• **ABOUT THIS TASK**
Every word in the data below belongs in your copy, exactly as given; the pictures do not.

• **RECORDED DATA**
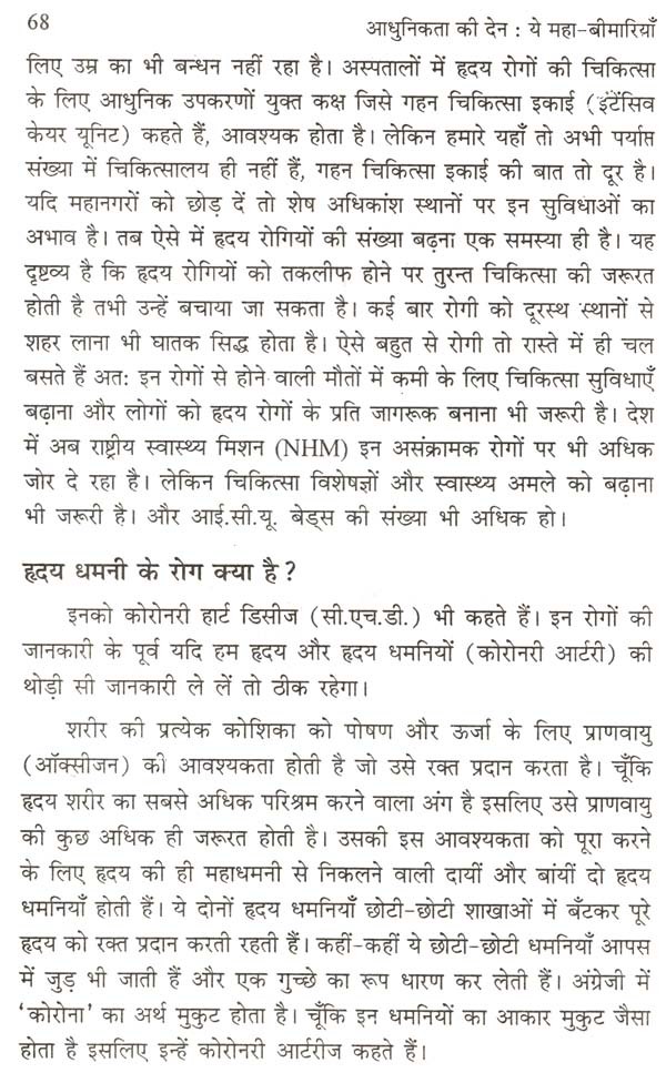 मैंने पुस्तक को तीन भागों में बाँटा है। प्रथम भाग में अक्सर हो जाने वाली असंक्रामक बीमारियाँ जैसे मधुमेह, उच्च रक्तचाप, हृदयरोग, मस्तिष्काघात और पक्षाघात एवं गुर्दो की अक्षमता को लिया है तथा द्वितीय भाग में इन रोगों की जड़ मोटापा एवं उनके कारणों को लेते हुए कोलेस्टेरॉल (लिपिड्स) इत्यादि के बारे में विस्तार से बतलाया है। साथ ही बीमारियों में रोगियों का भोजन कैसा होना चाहिए, गंभीर बीमारियों के लक्षण क्या हैं तथा अधिक भोजन विटामिन्स के क्या खतरे हैं इत्यादि के बारे में भी बतलाया है। इसके अलावा खेलकर और व्यायाम तथा योग द्वारा भी इन खतरनाक रोगों और मोटापे से बचा जा सकता है, इन बातों को भी पुस्तक में उल्लेखित किया है। योग पर भी 21 पृष्ठों का तृतीय भाग है। मैं तो कहूंगा योग ही आधुनिक रोगों का सही जवाब है।
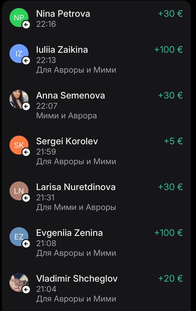 Это все еще чудовищно большая сумма для нас, для меня, для малышки Авроры и Старушки Мими, но я верю, что с силой и помощью вас, добрых и отзывчивых людей, мы справимся!
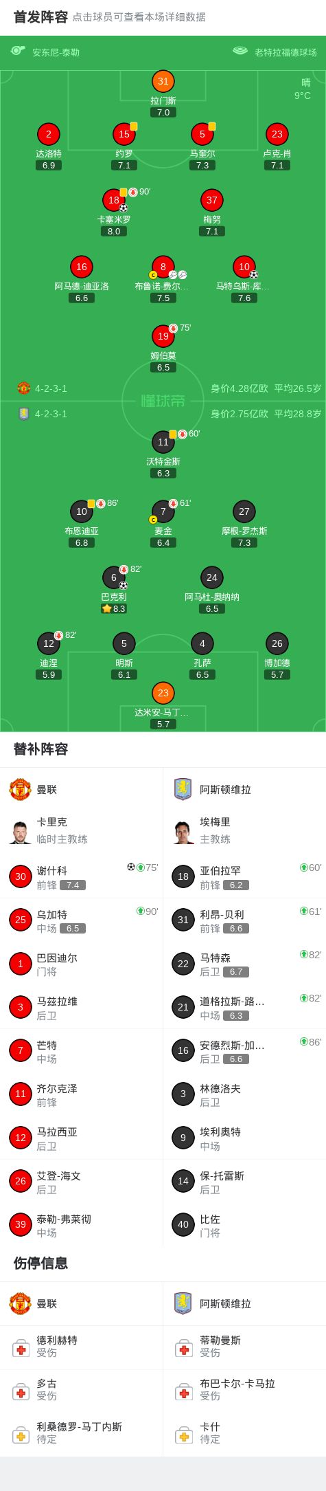 第64分钟,巴克利禁区内推远角得手,经VAR确认进球有效,维拉1-1扳平曼联!

• **SOLUTION**
 मैंने पुस्तक को तीन भागों में बाँटा है। प्रथम भाग में अक्सर हो जाने वाली असंक्रामक बीमारियाँ जैसे मधुमेह, उच्च रक्तचाप, हृदयरोग, मस्तिष्काघात और पक्षाघात एवं गुर्दो की अक्षमता को लिया है तथा द्वितीय भाग में इन रोगों की जड़ मोटापा एवं उनके कारणों को लेते हुए कोलेस्टेरॉल (लिपिड्स) इत्यादि के बारे में विस्तार से बतलाया है। साथ ही बीमारियों में रोगियों का भोजन कैसा होना चाहिए, गंभीर बीमारियों के लक्षण क्या हैं तथा अधिक भोजन विटामिन्स के क्या खतरे हैं इत्यादि के बारे में भी बतलाया है। इसके अलावा खेलकर और व्यायाम तथा योग द्वारा भी इन खतरनाक रोगों और मोटापे से बचा जा सकता है, इन बातों को भी पुस्तक में उल्लेखित किया है। योग पर भी 21 पृष्ठों का तृतीय भाग है। मैं तो कहूंगा योग ही आधुनिक रोगों का सही जवाब है।
 Это все еще чудовищно большая сумма для нас, для меня, для малышки Авроры и Старушки Мими, но я верю, что с силой и помощью вас, добрых и отзывчивых людей, мы справимся!
 第64分钟,巴克利禁区内推远角得手,经VAR确认进球有效,维拉1-1扳平曼联!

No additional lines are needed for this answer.